The gadolinium tracer may be used in either a water-soluble or an oil-soluble compound to monitor the respective phase velocities. Because of its extremely high thermal neutron capture cross section, the Gd tracer causes a change in the absorption decay rate of the host phase. A thermal-decay time tool (like the RST-A tool) is used to detect this change as the Gd-doped fluid passes the tool's gamma-ray detectors. This technique requires use of a thermal-decay time tool, thus increasing the cost and complexity of phase velocity acquisition. (Other isotopes such as boron can be used instead of Gadolinium, but the signal-to-noise ratio is much worse).
A fourth tracer technique is disclosed in previously incorporated U.S. Pat. No. 6,016,191 to Ramos et al. According to the '191 patent, a fluorescent tracer is injected at a first location into the flowing fluid, light having a wavelength which causes the fluorescent tracer to fluoresce is introduced into the fluid at a second location, and a detector at the second location which detects light at the fluorescing wavelength is used to determine when the tracer is present. The distance between the locations, and the time it takes from injection of the fluorescent tracer until detection by the detector provides an average fluid velocity. According to the '191 patent, an oil soluble tracer is utilized when oil constitutes the continuous phase of the fluid, and a water soluble tracer is used when water constitutes the continuous phase of the fluid.
Previously incorporated U.S. Pat. No. 6,023,340 to Wu et al. and U.S. Pat. No. 6,075,611 to Dussan et al. also utilize an optical system which measures fluorescence in order to measure oil velocity; albeit without the aid of a tracer. In particular, the '611 patent suggests that light can be injected into a multiphase fluid at a first wavelength which will cause oil to naturally fluoresce at a second wavelength, and that detection of the fluorescence signal over time (and processing of the derivative signal thereof) can be used to obtain information regarding oil drop velocity, flow rate and holdup.

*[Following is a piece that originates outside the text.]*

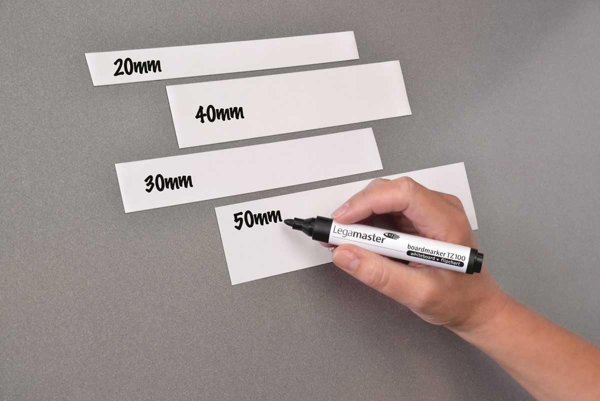 Magnetiska etikettband som fäster på alla järnhaltiga underlag. Banden har en vit skrivbar yta. Skrivbar med permanent märkpenna eller vanlig whiteboardpenna. Längd: 3 meter.

While the techniques described in the previously incorporated patents represent large steps forward in the art, and are useful in most circumstances, there exists at least one particular circumstance when a fluorescing marker or the natural fluorescence of the oil cannot be easily utilized to measure oil velocity. In particular, in a single phase flow of heavy oils, the natural fluorescence cannot be utilized because oil droplets are not distinct. Likewise, the fluorescing marker cannot be easily utilized because the heavy oil is optically opaque, and the fluorescent tracer would have to be present at unacceptably high concentrations to compete for injected photons. In addition, the natural fluorescence of heavy crudes can interfere with the fluorescence measurements of the marker.